Exporting files from disk images of diskettes from the 1980s and 1990s
In 2017 and 2018, PACKED vzw received requests from three organizations (Liberaal Archief, ADVN, and HeK (House for Electronic Arts)) to capture data from diskettes. The carriers originate from the period late 1980s to mid-1990s. For each diskette, a disk image was created. To make the files usable and readable, the disk images were further processed: the file system was identified and the files were extracted and identified from the disk images.
Author
Nastasia Vanderperren (PACKED vzw)
Problem statement
In a previous phase, we created disk images from the 218 diskettes of Liberaal Archief, ADVN, and HeK. Disk images differ from regular file copies in that all information from a single carrier is stored in one digital file. In a disk image, not only the files from the carrier, but also all system information is preserved, while with regular copies, only the files and folders from a carrier are transferred to another location. To read or use the files and folders from a disk image, you must connect or mount the disk image on your computer. This can be risky because some operating systems write (invisible) files to the connected storage media. Sometimes it is also not possible to mount a disk image due to its file system. File systems are software arrangements of a storage medium (e.g., a hard disk or an external carrier) that the operating system uses to present the data on the medium as files and to be able to use them in applications. There are file systems that can only be used on a certain operating system, as well as file systems accessible on multiple operating systems.To ensure that the collection-managing institutions have access to the files on the disk images, the files were exported and identified. Following the Resurrection Lab project, PACKED vzw designed a workflow for identifying data on disk images. The disk images were a suitable case to test this workflow.
Status
During the period April - July 2018, we processed 218 disk images. From 149 disk images, we were able to extract the files. This resulted in 3166 files. The identification tools were able to identify the file formats of 1155 files. Of the 2011 files for which the tools could not identify the formats, we could guess the file format of 1007 files based on metadata. 1004 files remained unidentified.
Method
We followed the article Digital Archaeology and/or Forensics: Working with Floppy Disks from the 1980s by John Durno. He created disk images from diskettes in all kinds of formats (e.g., PC/MS-DOS, Classical Macintosh, AppleDOS, Kaypro CPM, and Atari) and exported the files from the disk images. He used a series of command line tools and emulators, software that makes it possible to simulate a computer system in a new or own environment.
Determine the file system
Before we could use command line tools to export files from the disk images, we needed to know which file system the disk images had. The choice of tool depends on the file system. This information is also necessary if you want to open the files in an emulation environment. Based on the file system, the appropriate emulation environment can be chosen.
For diskettes used in MS-DOS/Windows and Classical Macintosh, the most commonly used file systems are FAT12 and HFS. FAT is a file system developed for MS-DOS and Windows, with FAT12 specifically for diskettes. It is widely supported, e.g., by almost all modern operating systems (Windows, Mac, and Linux). HFS is an obsolete file system developed by Apple and used for diskettes and hard drives. HFS disk images can only be read on Mac (both classic Macintosh and modern OS X/macOS).
To determine the file system, we used disktype. This is a command line tool that can be used in UNIX environments such as Linux or Mac, or via Cygwin1 or WSL on Windows, to determine the file systems of a disk or disk image. With the command disktype image.img > disktype.txt, we wrote the info to the text file disktype.txt for the disk image named image.img.
Copy files from the disk images
It is safer not to mount the disk images directly on the computer. Operating systems such as Windows and macOS tend to write extra (invisible) files.2 Therefore, we used various tools to export files from the disk images.
For each disk image, we created an index file listing all files from the original diskette with their size and last modification date. This file was named 'index.txt'. Then we copied all the files from the disk image to a folder called 'content'. The procedure differs per type of disk image.

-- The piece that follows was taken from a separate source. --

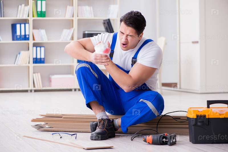 Молодой рабочий, работающий на напольной ламинированной плитке
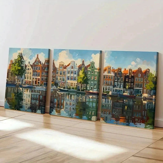 3pcs Amsterdam Canal Scene Reflections Wall Art Set Canvas Framed 40x60cm - High Quality Print 100% Australian Made Wall Canvas Ready to Hang

Exporting files from FAT12 disk images
There are several tools you can use to copy files from FAT12 formatted disk images. Like in John Durno's article, we used mtools. This is a set of command line tools that allows Mac or Linux computers to work with MS-DOS volumes.
We used the following commands for the disk image named image.img:
-
mdir -/ -a -i image.img > index.txt: this command lists all files from the disk image, including hidden files, and writes them to the file index.txt. -
mcopy -psmi image.img ::* content: this command copies all files and folders from the disk image to the folder called ‘content’. The original properties and last modification date of the files are preserved.

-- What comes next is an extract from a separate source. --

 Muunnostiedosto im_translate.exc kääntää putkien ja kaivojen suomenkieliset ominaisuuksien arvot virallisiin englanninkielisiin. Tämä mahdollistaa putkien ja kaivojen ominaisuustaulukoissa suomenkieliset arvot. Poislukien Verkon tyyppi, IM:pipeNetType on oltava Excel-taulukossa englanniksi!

Another tool we tested is BitCurator Disk Image Access. BitCurator is a specialized version of Ubuntu consisting of a collection of forensic tools to help archivists and librarians preserve data on external carriers. BitCurator Disk Image Access is software that allows you to export all files from a disk image. You can even see and export all deleted files on the disk. The deleted files on the disk images were mainly temporary tmp files. Some disk images also appeared to come from diskettes that first contained computer games, which were later overwritten. We chose not to export the deleted files because they did not seem relevant or useful. Temporary tmp files, for example, can no longer be opened.

Unlike mcopy, BitCurator Disk Image Access also allows you to export hidden folders and files. These are usually system files that are not very useful. Nevertheless, if you want to export the entire diskette, Disk Image Access is a better tool. We preferred mtools because we could more easily automate the process using a script.
In this way, we succeeded in copying the files from 54 out of 55 FAT12 disk images. The disk image from which we could not copy files could not be opened with either mtools or Disk Image Access.
Exporting files from HFS disk images
hfsutils
We also used several tools to export the 160 HFS formatted diskettes. The first tool we tested was hfsutils. This is a set of commands that allow you to manipulate HFS volumes on UNIX systems. The commands are similar to those of mtools.
We used the following commands for a disk image named image.img:
-
hmount image.img > hmount.txt: this command ensures that the volume of the disk image is virtually mounted. The metadata is written to the file ‘hmount.txt’. The metadata consists of the volume name, the date the volume was created3, the last modification date, and the number of free bytes. -
hls -ialR image.img > index.txt: this lists all folders and their files, including those that are hidden, in the disk image. The listing is done in ‘long format’. This means that in addition to the files, the file type and creator code are also displayed. In classic Macintosh environments, files were not identified by file extensions, but by the file type (a code for the file type) and the creator code (a code for the application with which the file was created). This is a useful mechanism for identifying files on the disk image. The list is written to the file ‘index.txt’. -
hcopy -m :* image.img content/: the files on the volume are copied along with their resource fork to the folder ‘content’. Resource fork is a mechanism on old and current Mac environments that stores structured data from files, such as icons, the shape of the windows, and the menu of the file. Resource forks can only be used on Mac systems. -
humount: the disk image is virtually ejected.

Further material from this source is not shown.